§ Assignment
Given the records underneath, please repeat exactly the lines from the line with "Czerwony dywan kilimowy" through the line with "کمیته تحقیقات و", passing over any picture.

§ Source data
=-=-=

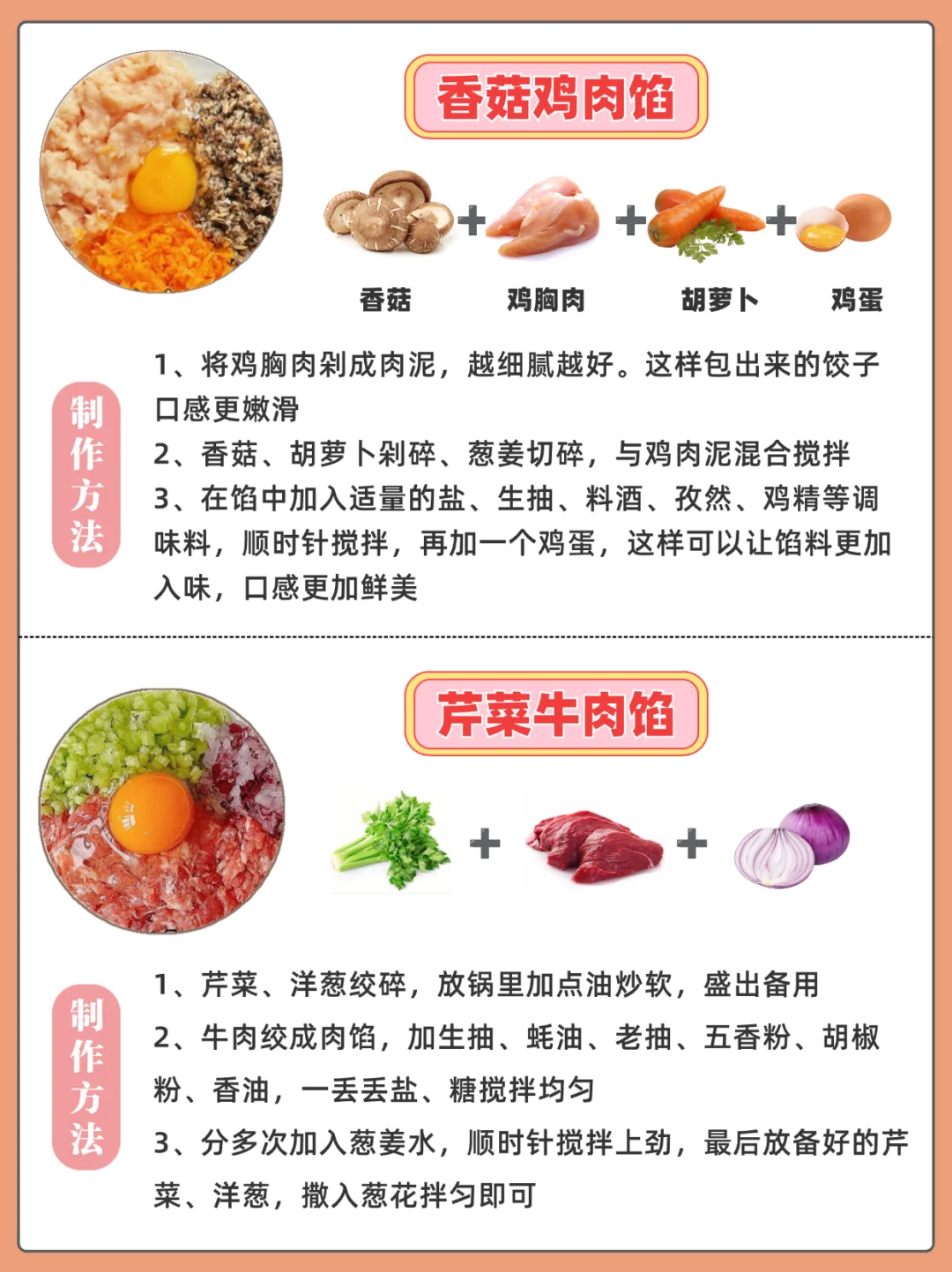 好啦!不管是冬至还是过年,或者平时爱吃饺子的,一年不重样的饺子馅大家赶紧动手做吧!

=-=-=

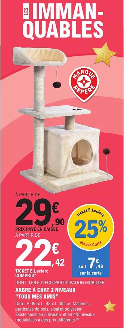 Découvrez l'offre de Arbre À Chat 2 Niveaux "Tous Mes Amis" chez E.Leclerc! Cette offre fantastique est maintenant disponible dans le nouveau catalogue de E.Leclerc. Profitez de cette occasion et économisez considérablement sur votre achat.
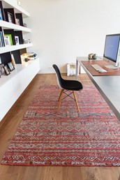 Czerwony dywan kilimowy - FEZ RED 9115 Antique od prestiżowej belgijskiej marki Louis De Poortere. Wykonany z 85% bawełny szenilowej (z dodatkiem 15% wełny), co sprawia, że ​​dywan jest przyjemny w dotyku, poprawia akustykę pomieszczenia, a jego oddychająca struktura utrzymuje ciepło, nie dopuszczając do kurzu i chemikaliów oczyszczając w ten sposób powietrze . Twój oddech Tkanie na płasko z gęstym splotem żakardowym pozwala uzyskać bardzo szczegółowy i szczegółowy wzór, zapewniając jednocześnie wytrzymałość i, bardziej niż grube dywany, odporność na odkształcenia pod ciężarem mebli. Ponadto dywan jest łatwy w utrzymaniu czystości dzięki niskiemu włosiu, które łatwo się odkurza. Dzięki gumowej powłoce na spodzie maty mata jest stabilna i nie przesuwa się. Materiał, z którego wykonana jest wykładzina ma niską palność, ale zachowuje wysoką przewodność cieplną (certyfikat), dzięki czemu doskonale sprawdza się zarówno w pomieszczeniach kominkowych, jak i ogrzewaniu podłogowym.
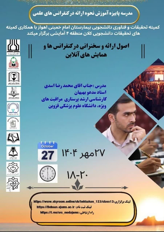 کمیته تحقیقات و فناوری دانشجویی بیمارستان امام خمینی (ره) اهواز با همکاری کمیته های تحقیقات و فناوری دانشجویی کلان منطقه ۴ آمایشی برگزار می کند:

=-=-=

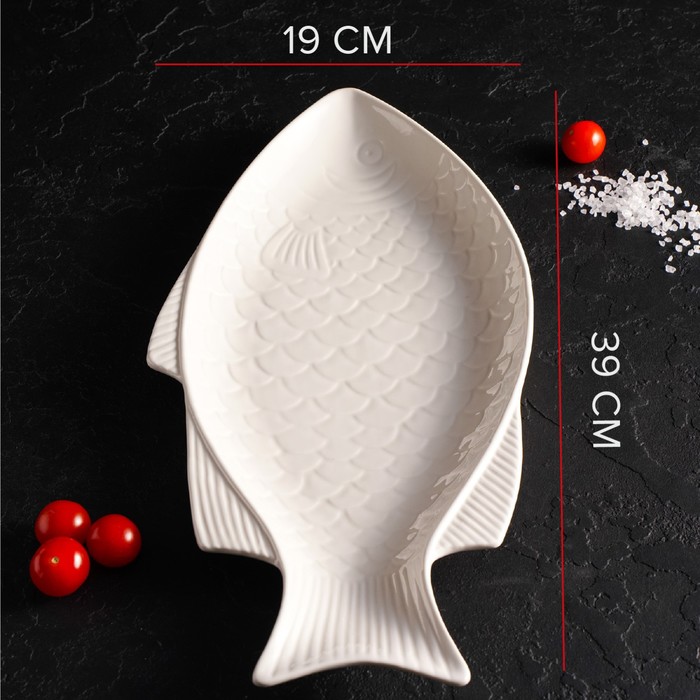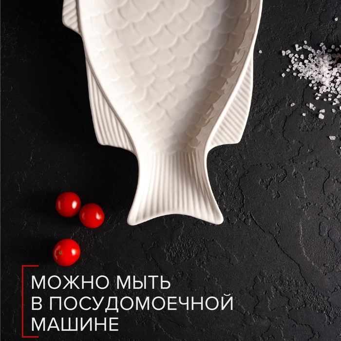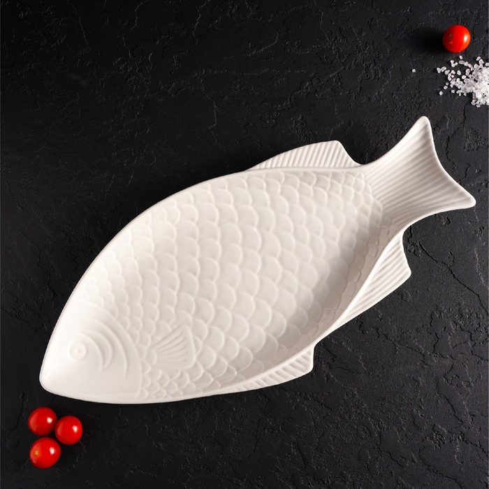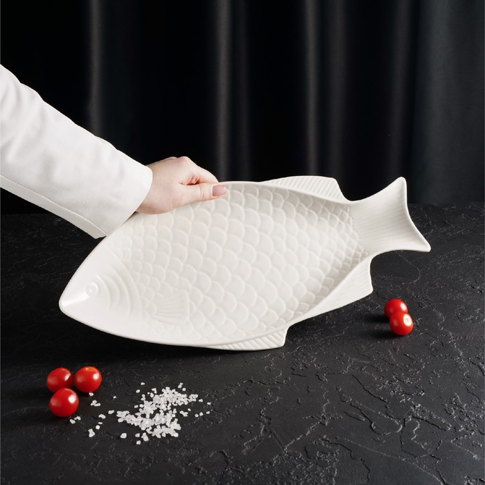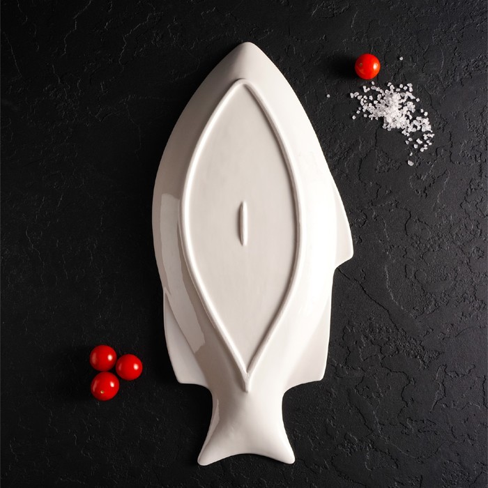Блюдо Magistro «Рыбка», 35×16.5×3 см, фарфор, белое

=-=-=

§ Answer
 Czerwony dywan kilimowy - FEZ RED 9115 Antique od prestiżowej belgijskiej marki Louis De Poortere. Wykonany z 85% bawełny szenilowej (z dodatkiem 15% wełny), co sprawia, że ​​dywan jest przyjemny w dotyku, poprawia akustykę pomieszczenia, a jego oddychająca struktura utrzymuje ciepło, nie dopuszczając do kurzu i chemikaliów oczyszczając w ten sposób powietrze . Twój oddech Tkanie na płasko z gęstym splotem żakardowym pozwala uzyskać bardzo szczegółowy i szczegółowy wzór, zapewniając jednocześnie wytrzymałość i, bardziej niż grube dywany, odporność na odkształcenia pod ciężarem mebli. Ponadto dywan jest łatwy w utrzymaniu czystości dzięki niskiemu włosiu, które łatwo się odkurza. Dzięki gumowej powłoce na spodzie maty mata jest stabilna i nie przesuwa się. Materiał, z którego wykonana jest wykładzina ma niską palność, ale zachowuje wysoką przewodność cieplną (certyfikat), dzięki czemu doskonale sprawdza się zarówno w pomieszczeniach kominkowych, jak i ogrzewaniu podłogowym.
 کمیته تحقیقات و فناوری دانشجویی بیمارستان امام خمینی (ره) اهواز با همکاری کمیته های تحقیقات و فناوری دانشجویی کلان منطقه ۴ آمایشی برگزار می کند:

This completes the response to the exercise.